L-leucine treatment from 24 to 48 hpf does not rescue the ethanol-induced defects in 10-24 hpf treated mutants. (A-C′) Flat-mounted 5 dpf Alcian Blue- and Alizarin Red-stained (A-C) neurocrania and (A′-C′) jaw and jaw supports, Ethanol was administered at 10-24 hpf and 50 mM L-leucine was added at 24-48 hpf. (A,A′) Wild type; (B,B′) heterozygote; (C,C′) mutant. Anterior is towards the left.

Both wortmannin- and rapamycin-treated pdgfra mutants show a decrease in overall neurocranial length and width. (A-C) Embryos were treated from 10-24 hpf with either DMSO, 1.0% ethanol, 1.5 μM wortmannin or 3 μM rapamycin. Inhibition of either PI3K or mTOR phenocopies the effects of ethanol. Graphs depict the average (A) palate length, (B) posterior neurocranial length and (C) neurocranial width in μm (standard error bars are 1.5 s.e.m., non-overlapping bars indicate significance; Moses, 1987). Wild-type, light bar; pdgfra heterozygote, light-gray bar; mutant, dark-gray bar. (D) An Alcian Blue- and Alizarin Red-stained 5 dpf untreated wild-type neurocranium.
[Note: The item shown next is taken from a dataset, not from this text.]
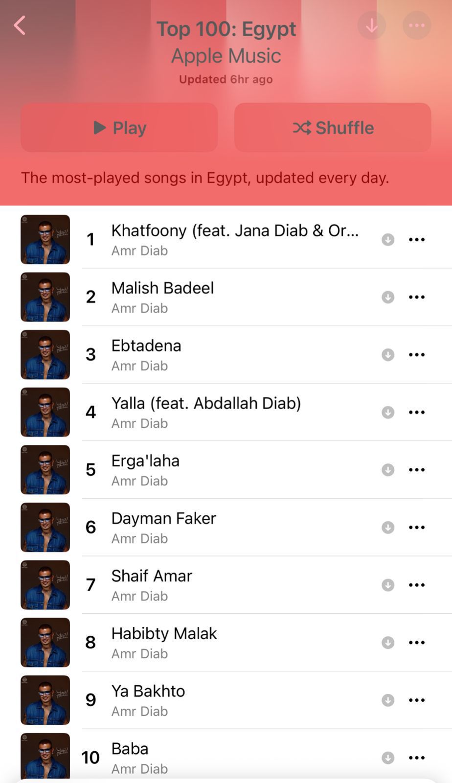 وتواجد عمرو دياب لأول مرة في الترتيب 79 على مخطط ألبوم آي تيونز حول العالم، كما يحتل المركز ال 155 على آي تيونز الولايات المتحدة وما زال يرتفع.

Palate length was measured from the most anterior part of the ethmoid plate (ep) to the ends of the trabeculae (tr). The posterior neurocranium was measured from the most posterior part of the occipital arches (oc) to the ends of the trabeculae (tr). Neurocranial width was measured between the most lateral edges of the lateral commissures (lc). D, DMSO; E, ethanol; W, wortmannin, R, rapamycin.